> _Description of the task_
Only one stretch of the data should be retyped: the lines from the line containing "Coatings & anti-corrosion coatings" through the line containing "Free Iran Grand Gathering in Paris.". Keep pictures out of it.

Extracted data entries
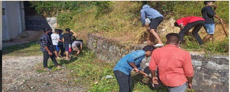
SEVEN DAY CAMP UNARVU 2021
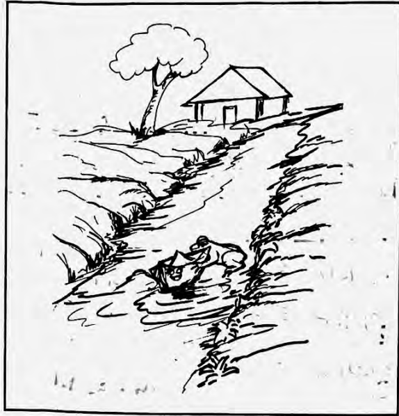
A frog saw this. It pushed the boat down.
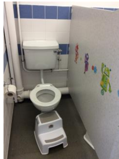
This is where I will go to the toilet.
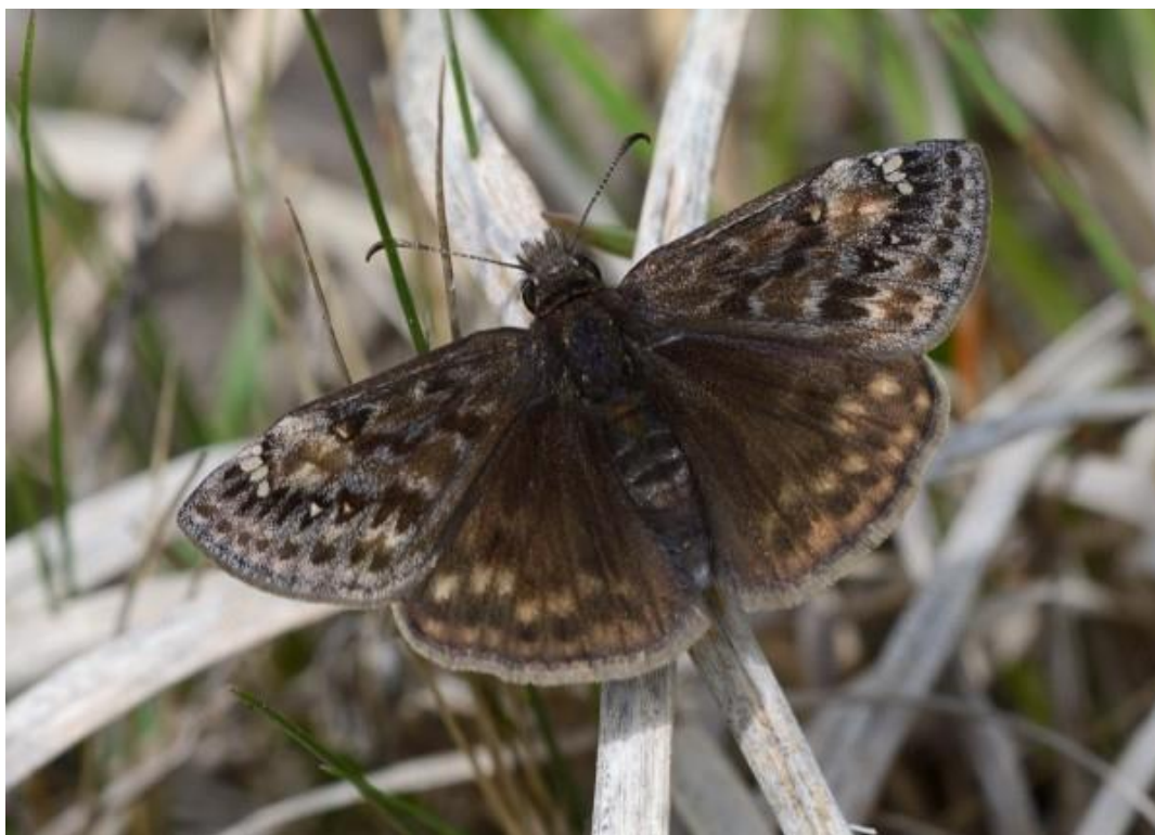
Juvenal's Duskywing male at Sandilands Provincial Forest, 2 June 2016. Females have larger forewing spots than males.

The final two species in this section belong to the genus Pyrgus . The diminutive Northern Grizzled Skipper is grey with variably-sized white patches on the wing surfaces and heavily checkered fringes. It is a rare treat to see one basking on a granite outcrop or nectaring at early spring flowers. The larvae are reported to feed on cloudberry and perhaps wild strawberry. Our latest-flying spreadwing, the Common Checkered Skipper, prefers open areas and can be seen any time between spring and fall. The male is a striking bluish grey with a myriad of white spots and squares; the female is darker overall. The wing fringes are lightly checkered. Unlike the former species, the Common Checkered Skipper has two or three generations per year; even so, not many individuals were found during our survey. Various mallows (Malvaceae) provide larval nourishment.
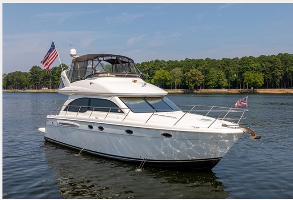
Stbd bow profile
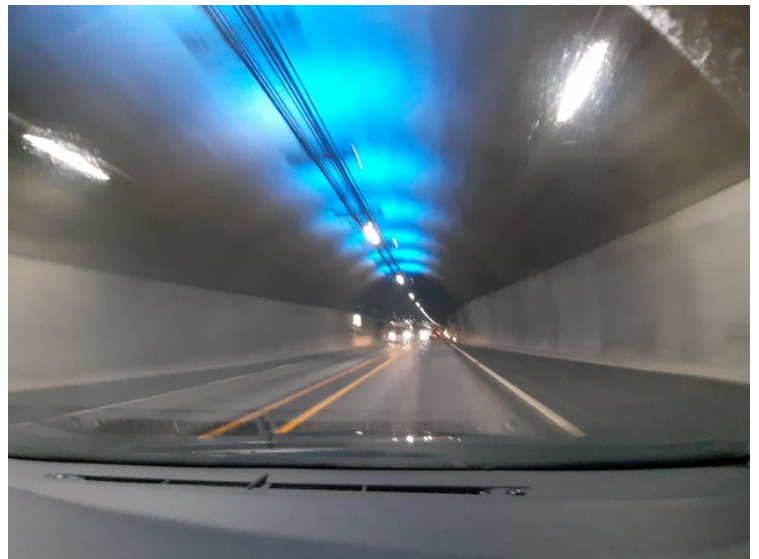
Teigkamptunnelen just before Kvam.
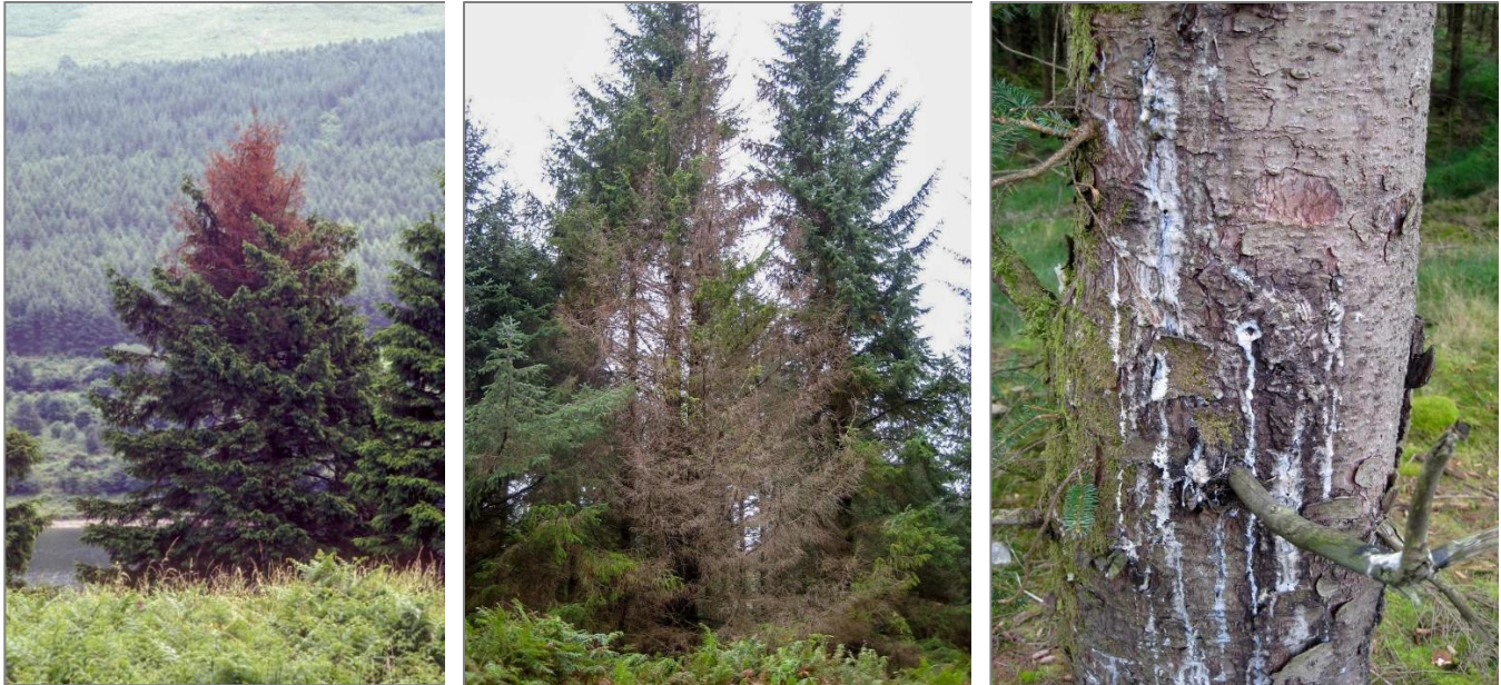
Figure 4: left to right - crown dieback associated with early infestation of GSBB, extensive branch needle loss and branch death, profuse resin bleeds from entry holes made by female GSBB
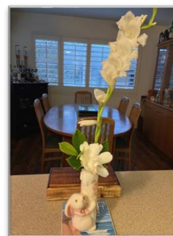
Nature's beauty, like love, is so precious. These flowers are from my dad's garden. Happy Valentine's Day!
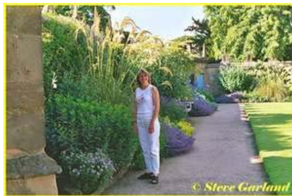
Garden Crushed Stone Path
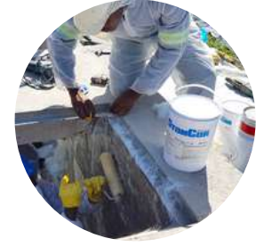
Coatings & anti-corrosion coatings
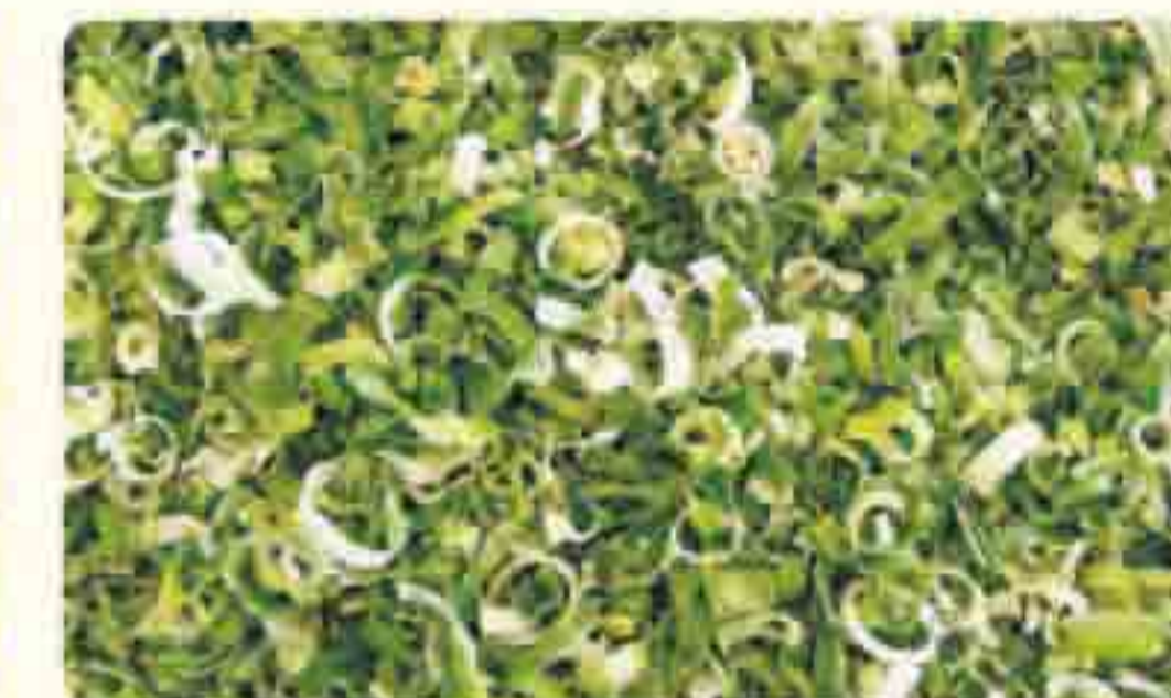
AD Spring Onion (Leek)
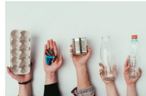
Responsabilitatea extinsă a producătorului
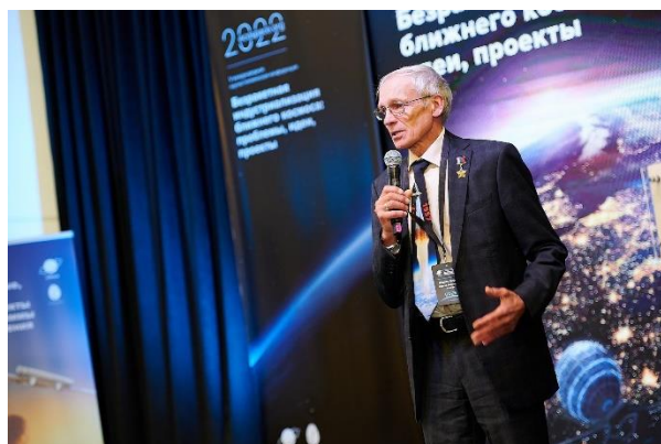
Pilot-Cosmonaut, Hero of the Russian Federation Sergey Avdeev

“The tasks of industrial space exploration and the implementation of projects within the framework of the international platform EcoWorld can become an important part of the concept of sustainable development with practically applicable results” he said.
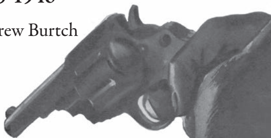
Illustration from Inside Detective magazine, Nov. 1937.
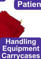
Handling Equipment Carrycases
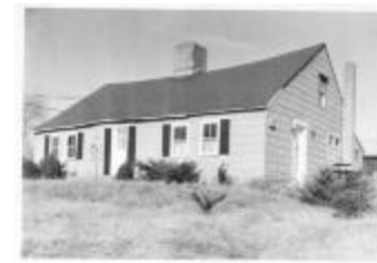
#154 Cyprian Sterry (Coll. 003 Vol. 002 Photo 078)
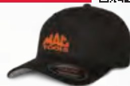
BLACK FLEXFIT HAT W/ ORANGE DOME LOGO
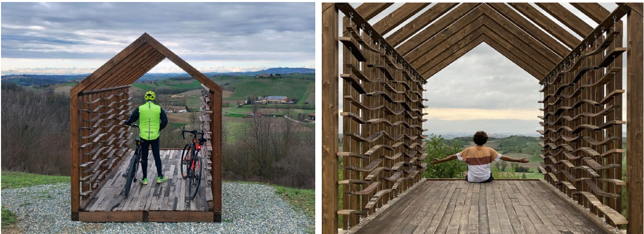
Figure 8 | People currently using CiaBOT. On the left a cyclist at a rest, on the right a young man meditating ‘embracing’ the landscape.

the materials with the greatest impact on the project. The pallet planks for the floor were mainly used in a functional/technical way. In this case, replacing the used planks with a new material would have further affected the environmental cost of the project. However, these do not communicate their original origin and therefore, on a communicative level they contribute less to explicitly convey the idea of circularity and sustainability to the users of CiaBOT.
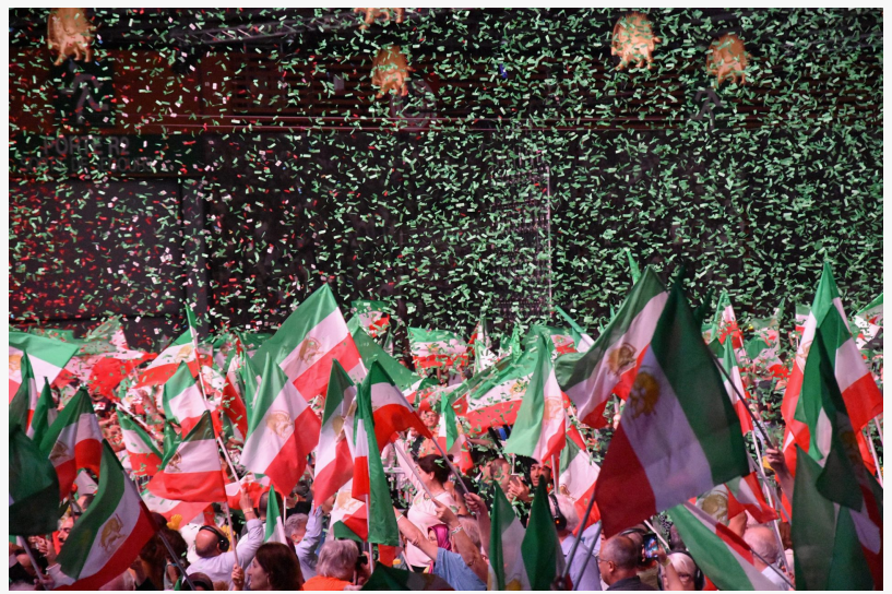
Free Iran Grand Gathering in Paris.

Signs of a pending uprising began to emerge the very day after the June 18 election, with workers in the petrochemical industry going on strike and staging protests which made it clear that they put no faith in President-elect Ebrahim Raisi's promises of reduced corruption and economic revitalization. Additional protests have since erupted across different sectors of the economy and among the civilian population in general, and growing numbers of them are adopting the slogan "down with the Khamenei" to make it clear that they see regime change as the only solution to any of the country's major problems.
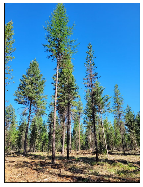
Figure 17 - The Cibid/Cad Lake fuels reduction project used a grant from Lincoln County requiring a 10 to 15 spacing between crowns to reduce the risk of crown fire. August 2022.

on 45 acres. FWP awarded a contract to Worman Forest Management, LLC to perform the work. The project was completed in December 2022. FWP will burn the slash piles in Fall 2023. The project cost $20,855 and was paid for using a USDA-USFS Forest Health Western Bark Beetle Grant administered by the Montana DNRC ($16,651), Parks maintenance account ($2,744), and FWP's Parks Division's Forest Management Account ($1,460).
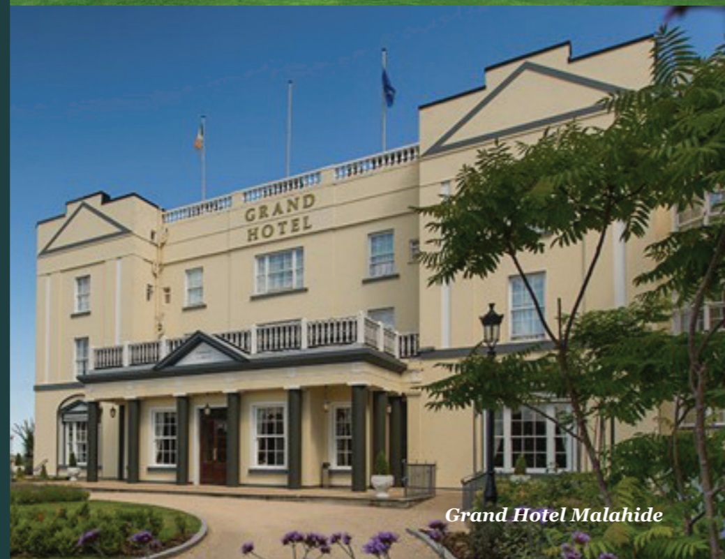
Grand Hotel Malahide

> _Response_
Coatings & anti-corrosion coatings
AD Spring Onion (Leek)
Responsabilitatea extinsă a producătorului
Pilot-Cosmonaut, Hero of the Russian Federation Sergey Avdeev

“The tasks of industrial space exploration and the implementation of projects within the framework of the international platform EcoWorld can become an important part of the concept of sustainable development with practically applicable results” he said.
Illustration from Inside Detective magazine, Nov. 1937.
Handling Equipment Carrycases
#154 Cyprian Sterry (Coll. 003 Vol. 002 Photo 078)
BLACK FLEXFIT HAT W/ ORANGE DOME LOGO
Figure 8 | People currently using CiaBOT. On the left a cyclist at a rest, on the right a young man meditating ‘embracing’ the landscape.

the materials with the greatest impact on the project. The pallet planks for the floor were mainly used in a functional/technical way. In this case, replacing the used planks with a new material would have further affected the environmental cost of the project. However, these do not communicate their original origin and therefore, on a communicative level they contribute less to explicitly convey the idea of circularity and sustainability to the users of CiaBOT.
Free Iran Grand Gathering in Paris.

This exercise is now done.